Zum Verständnis sollen kurz die bestehenden Präventionsebenen definiert werden:
- Primärprävention: Hier geht es darum, dass die gesamte Bevölkerung Zugang zu medizinischem Wissen und medizinischen Kompetenzen erhält, und zwar unabhängig von Geschlecht, Alter, Bildungsstand oder sonstigen Faktoren. Ziel ist ein gesundheitsgerechtes Verhalten der Menschen zu fördern.
- Sekundärprävention: Es liegen bestimmte Risikofaktoren vor, die eine Erkrankung begünstigen (z. B. Rauchen – Lungenerkrankungen, Übergewicht – Diabetes usw.). Eine manifeste Erkrankung besteht aber noch nicht.
- Tertiärprävention: Hier liegt bereits eine Erkrankung vor. Eine Therapie wird in der Regel von Haus- oder Fachärzten im ambulanten Sektor eingeleitet. Somit ist Tertiärprävention bereits Therapie und Rehabilitation im weiteren Sinne.
Ärzte und Prävention
Die Bedeutung von Prävention und Aufklärung hat durch das Präventionsgesetz gegenüber der Kuration auch bei Ärzten einen hohen Stellenwertbekommen. Primärpräventiv sind Ärztinnen und Ärzte noch zu wenig aktiv, da dies im Rahmen des Praxisalltags mit seiner großen Anzahl von Patienten meist nicht möglich ist. Neu ist seit dem Präventionsgesetz, dass Ärzte ihren Patienten nun nicht mehr lediglich das Rezept für Bewegung als Möglichkeit für gezielte Aktivität empfehlen können, sondern nun auch das Muster 36 – die Präventionsempfehlung – in ihrer Praxissoftware zur Verfügung haben, auch wenn diese vermutlich nur den wenigsten bekannt ist ( Abb. 1). Mit dieser Empfehlung können Patienten (nur die gesetzlich Versicherten!) bei ihrer Krankenkasse nachfragen, wo ein empfohlener Präventionskurs stattfindet und was ihm die Kasse bei regelmäßiger Teilnahme teilerstattet.
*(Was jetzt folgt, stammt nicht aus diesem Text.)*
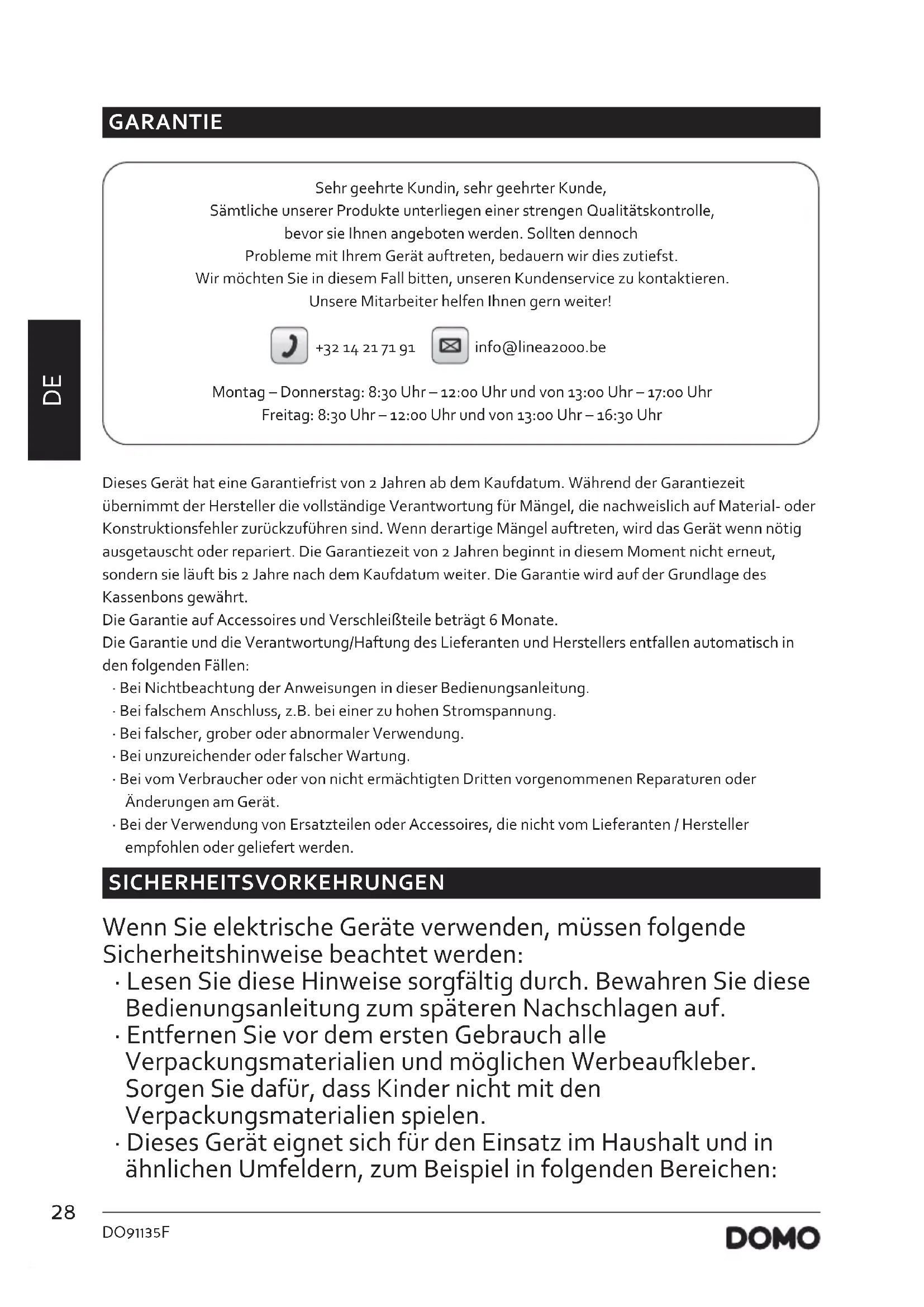 GARANTIE Sehr geehrte Kundin, sehr geehrter Kunde, Sämtliche unserer Produkte unterliegen einer strengen Qualitätskontrolle, bevor sie Ihnen angeboten werden. Sollten dennoch Probleme mit Ihrem Gerät auftreten, bedauern wir dies zutiefst. Wir möchten Sie in diesem Fall bitten, unseren Kundenservice zu kontaktieren. Unsere Mitarbeiter helfen Ihnen gern weiter! +32 14 21 71 91 info@linea2000.be Montag – Donnerstag: 8:30 Uhr – 12:00 Uhr und von 13:00 Uhr – 17:00 Uhr Freitag: 8:30 Uhr – 12:00 Uhr und von 13:00 Uhr – 16:30 Uhr Dieses Gerät hat eine Garantiefrist von 2 Jahren ab dem Kaufdatum. Während der Garantiezeit übernimmt der Hersteller die vollständige Verantwortung für Mängel, die nachweislich auf Material- oder Konstruktionsfehler zurückzuführen sind. Wenn derartige Mängel auftreten, wird das Gerät wenn nötig ausgetauscht oder repariert. Die Garantiezeit von 2 Jahren beginnt in diesem Moment nicht erneut, sondern sie läuft bis 2 Jahre nach dem Kaufdatum weiter. Die Garantie wird auf der Grundlage des Kassenbons gewährt. Die Garantie auf Accessoires und Verschleißteile beträgt 6 Monate. Die Garantie und die Verantwortung/Haftung des Lieferanten und Herstellers entfallen automatisch in den folgenden Fällen: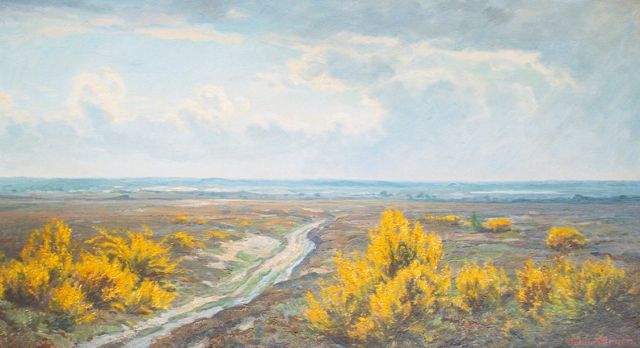 Johan Meijer | Bloeiende brem, olieverf op doek, 45,3 x 84,8 cm, gesigneerd r.o.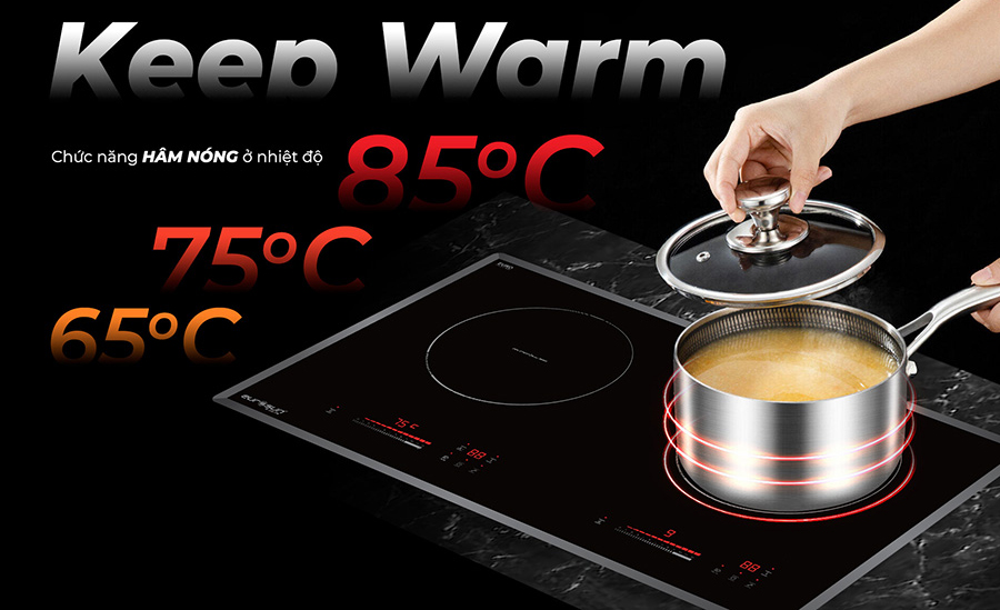 Bếp có khả năng ủ ấm ở 3 mức nhiệt độ mong muốn, chức năng ủ ấm được lập trình giữ ở mức nhiệt độ ổn định ở mức 65ºC, 75ºC, 85ºC giúp duy trì nhiệt độ cho thức ăn luôn nóng, ấm mà không phải đun lại nhiều lần làm giảm dinh dưỡng trong thức ăn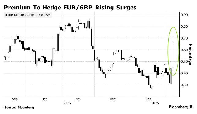 核心观点 - 近期英镑因英国央行货币政策分歧与国内政治动荡而遭遇双重利空冲击 汇率承压下行 对冲基金在期权市场大幅增持看空头寸 加剧了其下行压力与市场波动性 [1][3] - 尽管英镑短期出现技术性反弹 但机构普遍预测其兑欧元和美元将进一步走弱 未来市场走势将密切关注美国经济数据与英国政治局势的发展 [3][4] 市场表现与数据 - 2月5日 英镑对欧元和美元汇率跌至两周低点 [1] - 美国存托信托与清算公司数据显示 2月5日未来一个月英镑对欧元的下跌对冲溢价较上涨对冲溢价大幅攀升 创下去年11月末以来最高水平 [1] - 同日 欧元兑英镑期权交易量刷新年内峰值 其中押注英镑走弱的看涨期权交易量较押注英镑升值的看跌期权高出50% [1] - 法国兴业银行指出 资金流入欧元兑英镑期权市场的趋势呈现一边倒态势 大量资金涌入看涨期权 [1] - 加拿大皇家银行资本市场指出 市场对欧元兑英镑的看涨期权需求旺盛 推高了该货币对的隐含波动率至显著更高水平 [3] 机构分析与预测 - 高盛策略师预测 未来12个月英镑兑欧元将进一步下跌6% [3] - 野村控股预计 截至4月末英镑兑欧元跌幅将达3% [3] - 荷兰合作银行外汇策略师Jane Foley认为 若美元未出现新一轮大幅抛售 欧元兑英镑汇率有望在年中前小幅走高 英镑兑美元则将持续下行 [3] - 法国兴业银行全球外汇期权交易主管Thomas Bureau指出 受美元走强及市场对地缘政治消息高度敏感影响 英镑已显现出新兴市场式的波动特性 [1] 影响因素分析 - 货币政策因素:2月5日英国央行利率决议中 支持降息的票数仅以一票之差未获通过 [1] - 政治因素:同日 英国首相基尔斯塔默的幕僚长因反对任命彼得曼德尔森为驻美大使宣布辞职 其执政危机进一步升级 令英镑承压 [1][3] - 加拿大皇家银行资本市场指出 早在英国央行公布利率决议前 斯塔默摇摇欲坠的执政地位就已令英镑承压 [3] - 荷兰合作银行表示 市场原本预计斯塔默的执政地位将在5月地方选举后面临挑战 而如今这场挑战可能提前到来 市场将对英国的政治动荡保持高度警惕 [3] - 历史表现:英镑去年对欧元的跌幅已超5% [3] 后续展望 - 英镑在周五对欧元和美元均出现反弹 这表明其下行路径或非一帆风顺 [4] - 美国非农就业数据和通胀数据料将成为短期市场风险事件 [4] - 政治层面的消息仍将是影响英镑走势的核心驱动因素 [4]

Präventionskurse sind in den Bereichen Bewegung, Entspannung, Ernährung und Sucht vorgesehen und sollen Patienten helfen, in diesen Gebieten Wissen und Kompetenzen zu erwerben. Die Prüfung solcher Kurse läuft über die zentrale Prüfstelle Prävention (ZPP), einer Institution, die die Daten aller zugelassenen Kurse allen gesetzlichen Krankenkassen zur Verfügung stellt.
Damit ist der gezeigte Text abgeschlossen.